_DATA EXCERPTS_
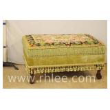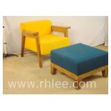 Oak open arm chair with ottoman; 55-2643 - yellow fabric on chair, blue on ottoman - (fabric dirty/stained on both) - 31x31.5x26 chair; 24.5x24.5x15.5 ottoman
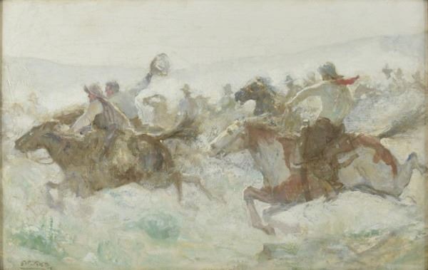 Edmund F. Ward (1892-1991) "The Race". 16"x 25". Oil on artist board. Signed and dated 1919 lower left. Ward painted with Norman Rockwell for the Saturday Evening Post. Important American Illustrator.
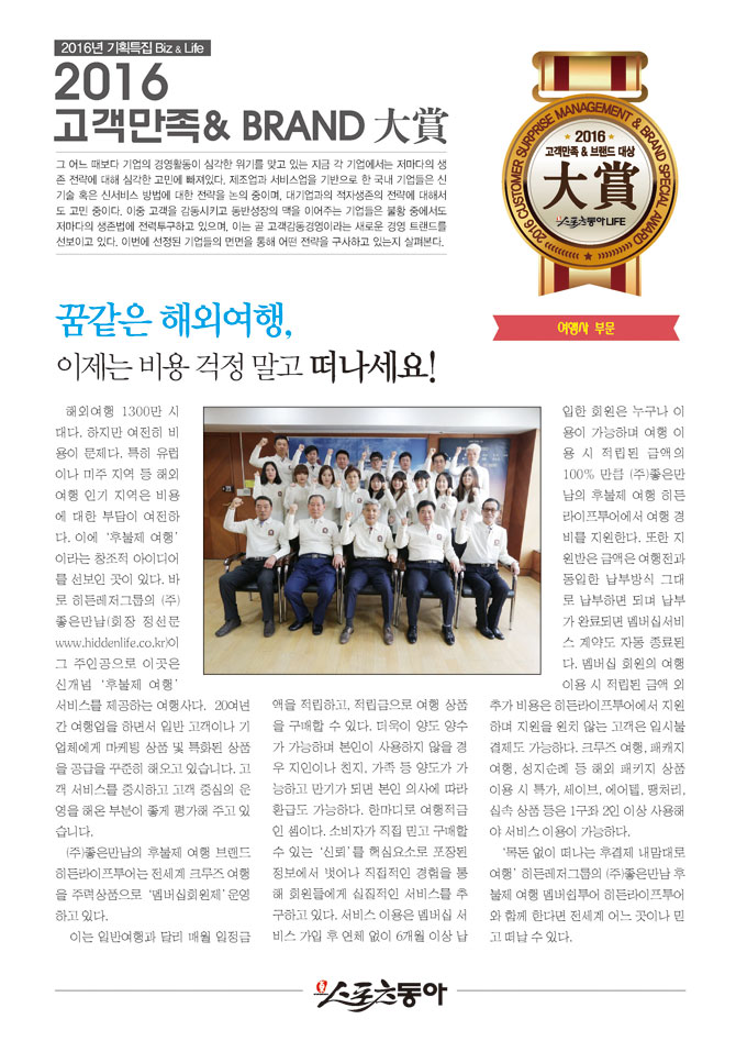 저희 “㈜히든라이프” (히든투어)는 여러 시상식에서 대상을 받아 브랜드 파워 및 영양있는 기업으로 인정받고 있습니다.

...

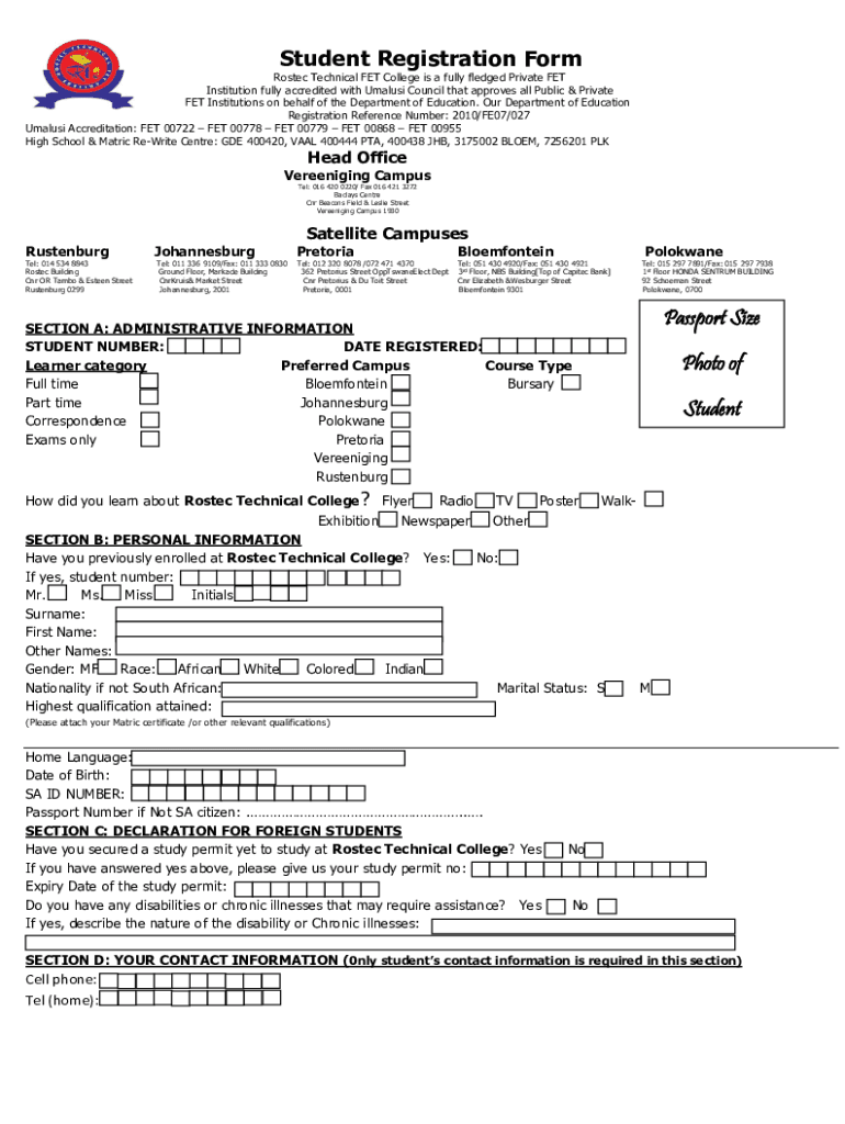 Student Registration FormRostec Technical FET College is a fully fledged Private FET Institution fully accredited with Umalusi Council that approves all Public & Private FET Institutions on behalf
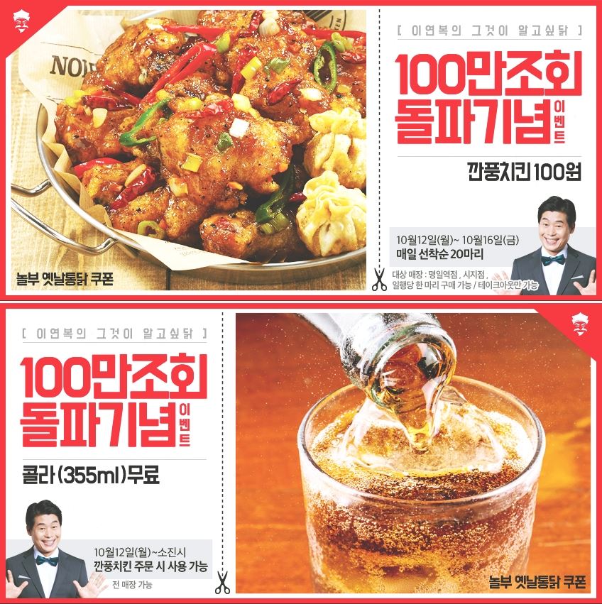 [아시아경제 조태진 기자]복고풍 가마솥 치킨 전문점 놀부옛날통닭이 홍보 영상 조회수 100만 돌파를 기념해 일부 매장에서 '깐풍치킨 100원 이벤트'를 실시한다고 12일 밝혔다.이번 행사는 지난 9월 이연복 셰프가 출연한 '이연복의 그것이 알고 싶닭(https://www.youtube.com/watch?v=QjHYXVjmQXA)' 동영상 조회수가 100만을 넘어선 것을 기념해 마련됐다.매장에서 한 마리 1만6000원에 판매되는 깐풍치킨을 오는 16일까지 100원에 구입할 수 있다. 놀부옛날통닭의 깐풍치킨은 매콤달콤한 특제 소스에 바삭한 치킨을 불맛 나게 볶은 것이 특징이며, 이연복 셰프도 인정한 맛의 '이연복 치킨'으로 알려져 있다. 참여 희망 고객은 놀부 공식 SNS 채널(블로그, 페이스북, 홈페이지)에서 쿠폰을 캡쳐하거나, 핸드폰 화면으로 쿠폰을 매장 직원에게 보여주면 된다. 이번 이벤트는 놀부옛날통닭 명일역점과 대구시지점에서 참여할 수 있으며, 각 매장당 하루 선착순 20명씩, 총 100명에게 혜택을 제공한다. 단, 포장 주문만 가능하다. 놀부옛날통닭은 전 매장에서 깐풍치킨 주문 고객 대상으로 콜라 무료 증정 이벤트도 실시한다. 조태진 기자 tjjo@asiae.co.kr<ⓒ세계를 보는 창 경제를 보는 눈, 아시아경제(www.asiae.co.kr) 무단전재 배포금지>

_YOUR GOAL_
Lines from the one above containing "Oak open arm" down to the one containing "기업으로 인정받고 있습니다." should be transcribed exactly, with both ends kept and no pictures.

_RESPONSE TO THIS TASK_
 Oak open arm chair with ottoman; 55-2643 - yellow fabric on chair, blue on ottoman - (fabric dirty/stained on both) - 31x31.5x26 chair; 24.5x24.5x15.5 ottoman
 Edmund F. Ward (1892-1991) "The Race". 16"x 25". Oil on artist board. Signed and dated 1919 lower left. Ward painted with Norman Rockwell for the Saturday Evening Post. Important American Illustrator.
 저희 “㈜히든라이프” (히든투어)는 여러 시상식에서 대상을 받아 브랜드 파워 및 영양있는 기업으로 인정받고 있습니다.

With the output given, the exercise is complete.